Let’s see the value of viscosity of water at different temperature. We will see the viscosity of water from 2^{0}C, 4^{0}C, 6^{0}C, 8^{0}C, 20^{0}C, 80^{0}C in centipoise or cP.

Temperature (°C) | Viscosity (mPa·s) of Water |

2 | 1.6735 |

4 | 1.5673 |

6 | 1.4715 |

8 | 1.3847 |

10 | 1.3059 |

12 | 1.234 |

14 | 1.1683 |

16 | 1.1081 |

18 | 1.0526 |

20 | 1.0016 |

22 | 0.9544 |

24 | 0.9107 |

26 | 0.8701 |

28 | 0.8324 |

29 | 0.8145 |

30 | 0.7972 |

32 | 0.7644 |

33 | 0.7488 |

34 | 0.7337 |

36 | 0.705 |

37 | 0.6913 |

38 | 0.678 |

39 | 0.6652 |

45 | 0.5958 |

50 | 0.5465 |

60 | 0.466 |

65 | 0.4329 |

70 | 0.4035 |

80 | 0.354 |

### Viscosity of Air

Like the viscosity of water, the viscosity of air also depends on temperature.

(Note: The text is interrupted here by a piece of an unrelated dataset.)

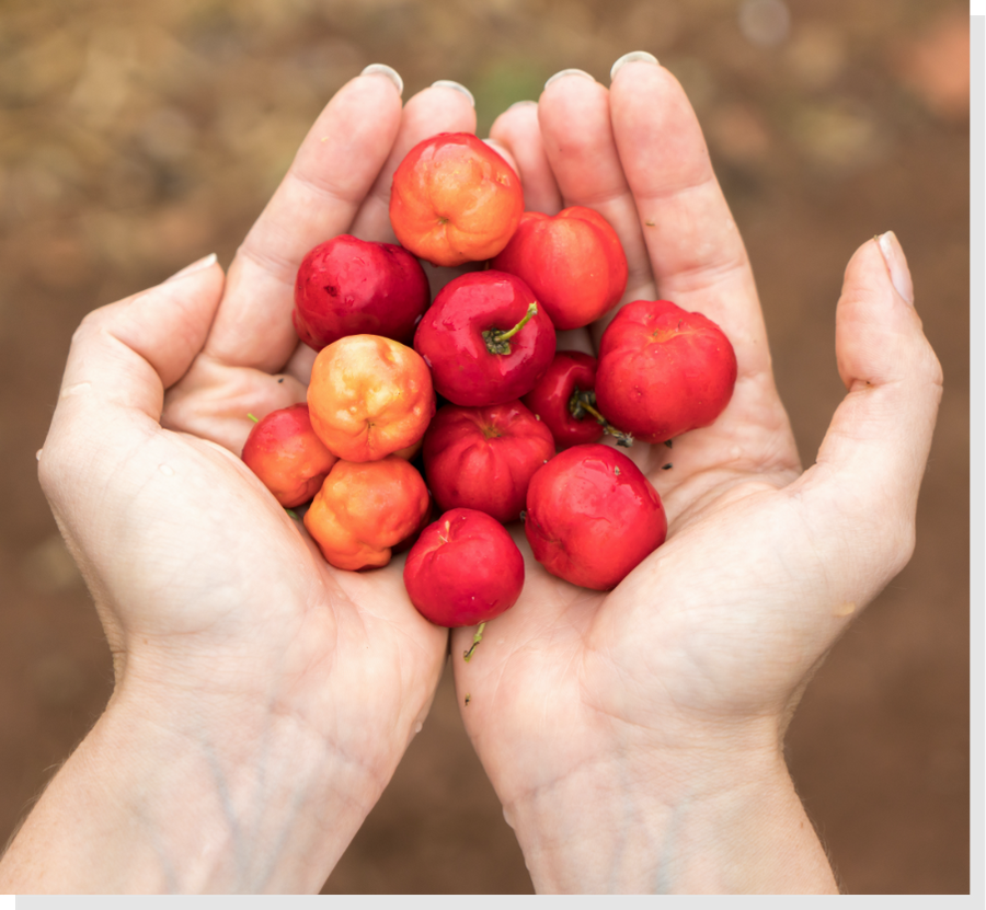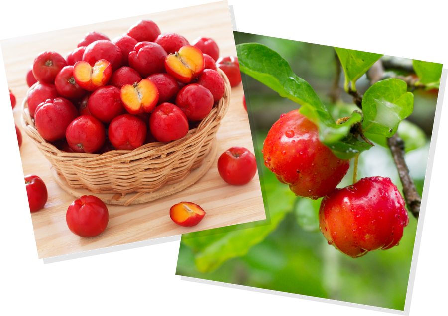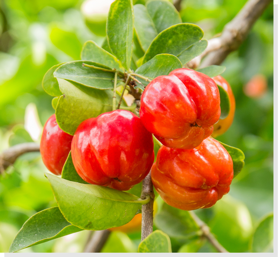 Acerola (pronounced ah-sir-oh-la) is a small, cherry-like fruit that grows on large, dense shrubs throughout the tropics of South and Central America, as well as the Caribbean. Often called the “Amazon cherry” or “Barbados cherry”, its taste ranges from tart to semi-sweet with the Brazilian varieties being noted as the richest and sweetest. Each serving of acerola contains up to 30 times as much Vitamin C as an orange!
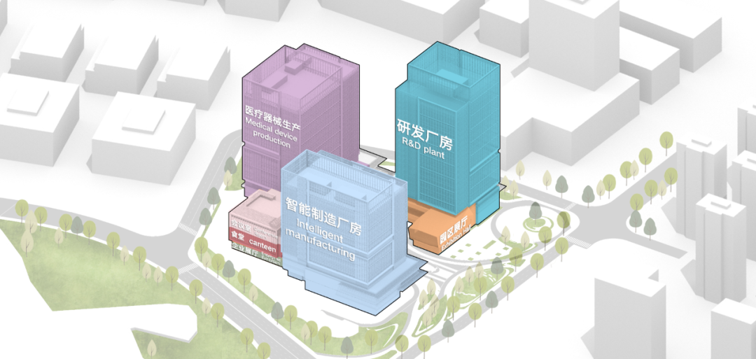 项目整体规划与片区功能相结合,借助面向林家坝TOD一侧的最优城市界面,布局具有标志性的高层产业研发楼宇,裙楼规划为项目展示中心及研发样板区。在用地的西侧和南侧,结合独立且完整的货运流线,设置高层工业厂房。

Temperature (°C) | Viscosity (mPa·s) of Air |

0 | 0.01729 |

10 | 0.01778 |

20 | 0.01825 |

50 | 0.01963 |

100 | 0.02181 |

10 | 1.3059 |

12 | 1.234 |

14 | 1.1683 |

16 | 1.1081 |

18 | 1.0526 |

20 | 1.0016 |

22 | 0.9544 |

24 | 0.9107 |

26 | 0.8701 |

28 | 0.8324 |

29 | 0.8145 |

30 | 0.7972 |

32 | 0.7644 |

33 | 0.7488 |

34 | 0.7337 |

36 | 0.705 |

37 | 0.6913 |

38 | 0.678 |

39 | 0.6652 |

45 | 0.5958 |

50 | 0.5465 |

60 | 0.466 |

65 | 0.4329 |

70 | 0.4035 |

80 | 0.354 |

### Viscosity of oil

Like the viscosity of water or air, the viscosity of oil also depends on temperature. An engine oil viscosity is tabulated as below,

Temperature (°C) | Viscosity (mPa·s) of Oil |

0 | 1328.0 |

20 | 287.23 |

50 | 57.172 |

80 | 19.358 |

## Importance of Viscosity

While viscosity may also appear of juvenile significance in each day life, it is able to absolutely be very vital in lots of one of kind fields. Examples of how viscosity measurements are utilized include the following:

**Food Industries**: In the food sector, viscosity measurements are utilized to enhance production profitability and efficiency. Because of this, it has an impact on how fast a product may be transported, how long it has taken to set or dry, and how long it would take to dispense liquids into packaging containers. The product’s viscosity must be taken into consideration when designing the production process, by making sure the pipes are slanted to maximize the flow of water, and the Dispensers need to be strong enough for flow, but not so strong that the package overflows. Also, food has a viscosity that can be described as a feature. Production must be closely monitored for viscosity assuring consistency between batches and will move smoothly through the production process.

**Adhesives**: We should think about how the adhesive will behave after it has been applied to a part when choosing the proper viscosity. Because of this, they will be easier to work with compared to the high-viscosity ones.

**Vehicle Lubrication**: When you place oil into your vehicle or truck, you ought to be aware of its viscosity. That’s due to the fact viscosity impacts friction, and friction, in turn, impacts warmth. In addition, viscosity additionally impacts the fee of oil intake and the benefit with which you’re automobile will begin in warm or bloodless conditions. Some oils have a greater solid viscosity, even as others react to warmth or bloodless; in case your oil’s viscosity index is low, it can emerge as thinner because it heats, which can motive troubles as you use your vehicle on a warm summer’s day.

**Manufacturing**: Manufacturing gadget calls for suitable lubrication to run smoothly. Too viscous lubricants can block and clog pipelines, hence they should be avoided. Lubricants that can be too skinny offer too little safety for shifting parts.

**Pharma Industry**: Viscosity may be of important significance in medication as fluids are added into the frame intravenously. Blood viscosity is a primary issue: blood that is too viscous can shape risky inner clots, even as the blood that is too skinny will now no longer clot; this may cause risky blood loss or even death. Other industries in which viscosity is important are **Petroleum, Concrete, and Cosmetics**.

## Conclusion

So in this blog, we studied viscosity and its different aspects. While studying viscosity, we also focused on some other things like its units, formulae, and we understood how important is to identify the viscosity of different materials and the difference between them with respect to their viscosity. Happy reading.